The day of the funeral, Bob Johnson, the executive editor of Jet, had gotten in the church and he beckoned for me and said, Here's a spot right here. It was a wonderful spot. It was then a matter of photographing what was going on. It was so dramatic; everywhere you turned the camera—Daddy King, Vice President Humphrey, Nixon, Jackie Kennedy, Bobby Kennedy, Thurgood Marshall, Dr. Ralph Bunche reading the program with a magnifying glass. I considered myself fortunate to be there documenting everything. If I wasn't there I knew I would be somewhere crying.
We had made arrangements with AP [the Associated Press] that they would process the black-and-white film immediately after the service and put it on the wire. Later I found out which shot they sent out (Taped interview, New York, 1986).
Sleet's career also encompassed the great period of African independence, when in the 1950s autonomous nations emerged from former colonies. His first experience in "pack" journalism abroad came on Vice President Richard Nixon's 1957 trip through Africa, where Sleet photographed in Liberia, Libya, and the Sudan. It was on this trip he photographed Kwame Nkrumah at the moment of Ghana's independence.
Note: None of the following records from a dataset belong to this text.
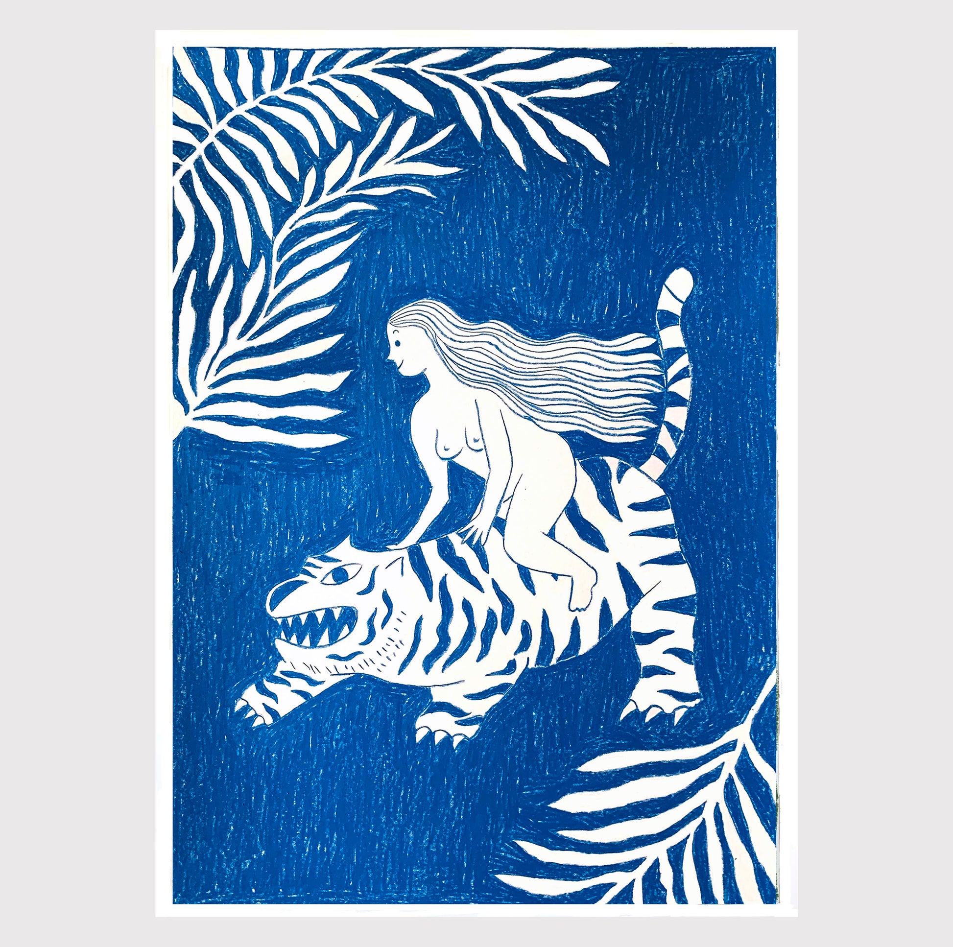 Originalmålning, skapad med oljepasteller i blått på 250g Materica-papper.
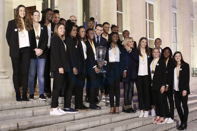 Brigitte Macron i Emmanuel Macron spotkali sie z zespolem pilkarek recznych
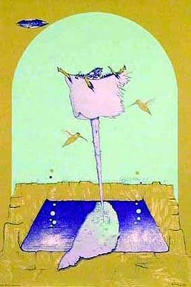 Strange but cool psychedelic silkscreen illustration by the artist Musik. Printed on heavy, glossy paper stock
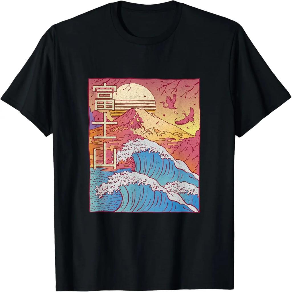 Koszulka z motywem góry Fuji i fal oceanicznych
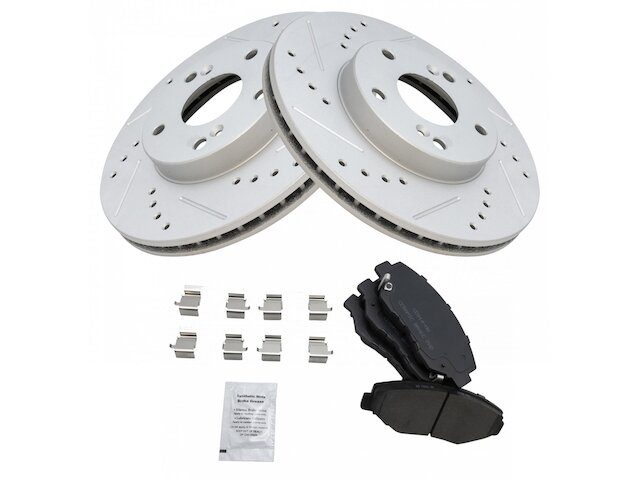 Package Contents: (2) Front Performance Brake Rotors; (1) Front Ceramic Brake Pad Set; Brake Pad Contact Point Grease; Brake Pad Hardware

The results of the trip gained Sleet an Overseas Press Club citation in 1957.
Sleet's long career as a photojournalist took him all over the United States and Africa; he also visited and photographed on assignment in South America, Russia, the West Indies, and Europe. Though photo essays and portrait profiles made up the majority of his output, he also photographed the children who tagged alongside him as he worked. To Sleet, the father of three grown children, these personal portraits were the most rewarding.
In addition to winning a Pulitzer Prize in feature photography and a citation for excellence from the Overseas Press Club of America, Sleet received awards from the National Urban League (1969) and the National Association of Black Journalists (1978). Over the years, his work has appeared in several group exhibitions at museums, including the Studio Museum in Harlem and the Metropolitan Museum of Art. In 1970 solo exhibitions were held at the City Art Museum of St. Louis and the Detroit Public Library. A retrospective exhibition organized by the New York Public Library in 1986 toured nationally for three years. Sleet had just returned from an assignment for Ebony at the 1996 Atlanta Olympics when he died on September 30, 1996.
See also King, Martin Luther, Jr.; Photography, U.S.
Bibliography
"Image Maker: The Artistry of Moneta Sleet, Jr." Ebony 42 (January 1987): 66–74.
Moneta Sleet, Jr.: Pulitzer Prize Photojournalist. New York, 1986. New York Public Library exhibit brochure.
Saunders, Doris E. Special Moments in African-American History: 1955–1996: The Photographs of Moneta Sleet, Jr., Ebony Magazine's Pulitzer Prize Winner. New York: St. Martin's Press, 1998.